Tuesday, April 28, 2009

Give Me Images, Please

I noticed something about my own email reading behavior recently. I've been regularly clicking the "Always show images from SomeAddress@SomeDomain.com" link in Gmail. I get a lot of marketing email from places like Pottery Barn Kids, Travelocity and Barnes and Noble that I haven't bothered to unsubscribe to. I guess the occasional well-targeted ad doesn't bother me. I don't read them, but I sometimes see them as I'm clicking "Next" to page through my unread mail. When I get the imageless version, the formatting is usually so bad that I can't even scan it. There is no hierarchy, no alignment, no attempt at simple design rules that would make it something that I would want to look at.

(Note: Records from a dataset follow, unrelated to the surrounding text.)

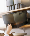 ●本体下部に取っ手がついているので、吊戸棚のような高い位置からでも簡単に取り出せます。
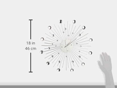 Cette horloge murale est en métal avec des cristaux décoratifs.
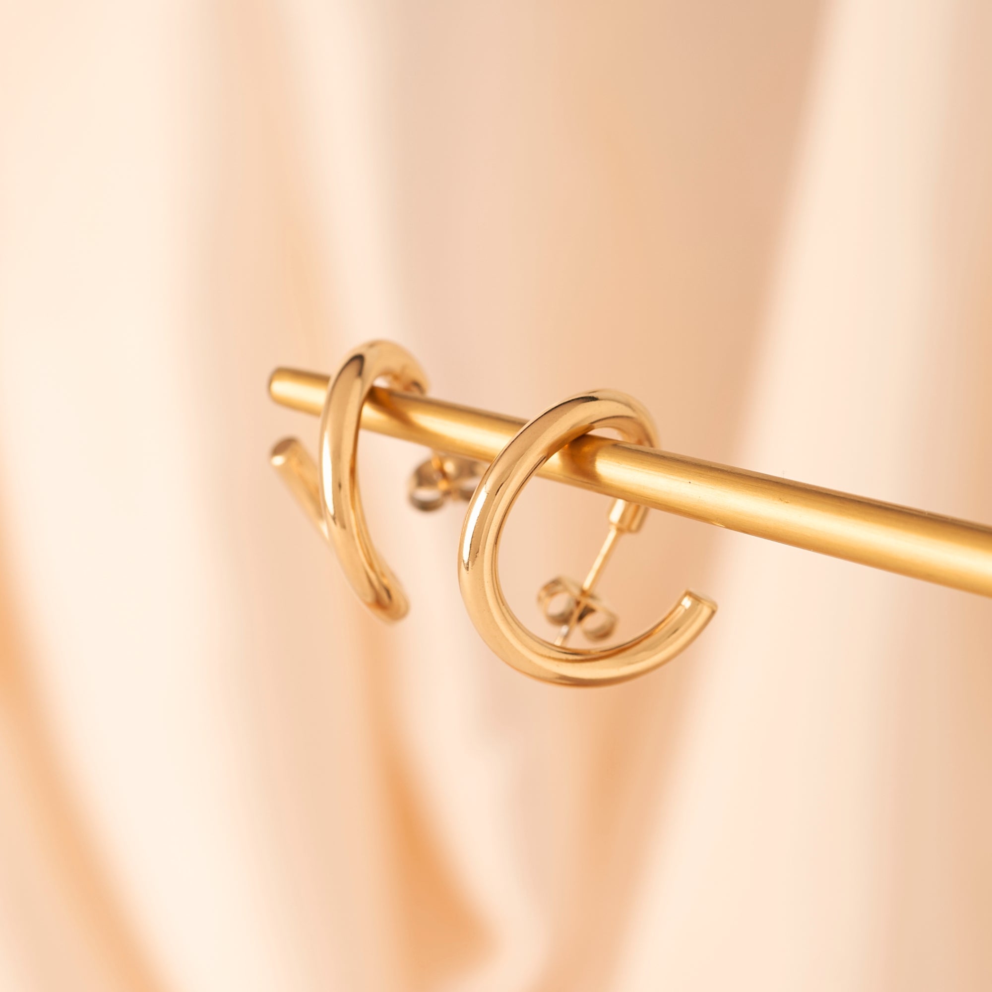 Redefine beauty with these uniquely twisted hoop earrings. Ideal for bringing a playful edge to casual or office attire, they embody fun and modern style.

It would be unfair to say that all of these messages are bad. I get messages from Marriott about special rates, and it includes a well-formatted (but image-free) table that I can glance at without being offended. It's positioned in the email in such a way that it draws readers in and gets the information across easily. For this particular email, I haven't felt the need to see the images because it's so readable without them.

Here's an idea, direct e-marketers: pay attention to your non-image emails so that when email systems (prudently) strip out the images, your would-be customers get some kind of message. The "if we can't do images then we don't have to design" approach just falls short, I think.

Wednesday, April 1, 2009

everything has an interface these days


Well, I bought a new cordless phone for the house. Our old cordless phone didn't work with the AT&T DSL service. (Technology strikes again.) Got a $20 Uniden phone, and I was a little shocked at the features at this price point. Caller ID, speakerphone... uh, belt clip? Anyway, I was storing some numbers in speed dial. Specifically, I was setting it up to speed dial our home number so I could easily check our voicemail.

When I went to dial from the memory function, I pressed TALK > MEMORY > 1 (because I stored the number in the first memory). The display looked something like this:

01>VOICE MAIL
02 (EMPTY)
03 (EMPTY)

Unfortunately, the phone didn't dial the number for our voice mail. Just a dial tone.

I tried various things to get the memory to work. (Pressing TALK/FLASH again just started a 3-way call; pressing a right arrow/pound key didn't do anything; pressing the up and down arrows just moved the cursor do different memory locations.)

Finally, I came across a small button sandwiched between "REDIAL/PAUSE" and "DELETE." It was labeled "SELECT/CHANNEL." Go figure. In order to make a call to check my voicemail, I have to press TALK > MEMORY > 1 > SELECT. Hmm. My home number: 7 digits, speed dial: 4 key presses.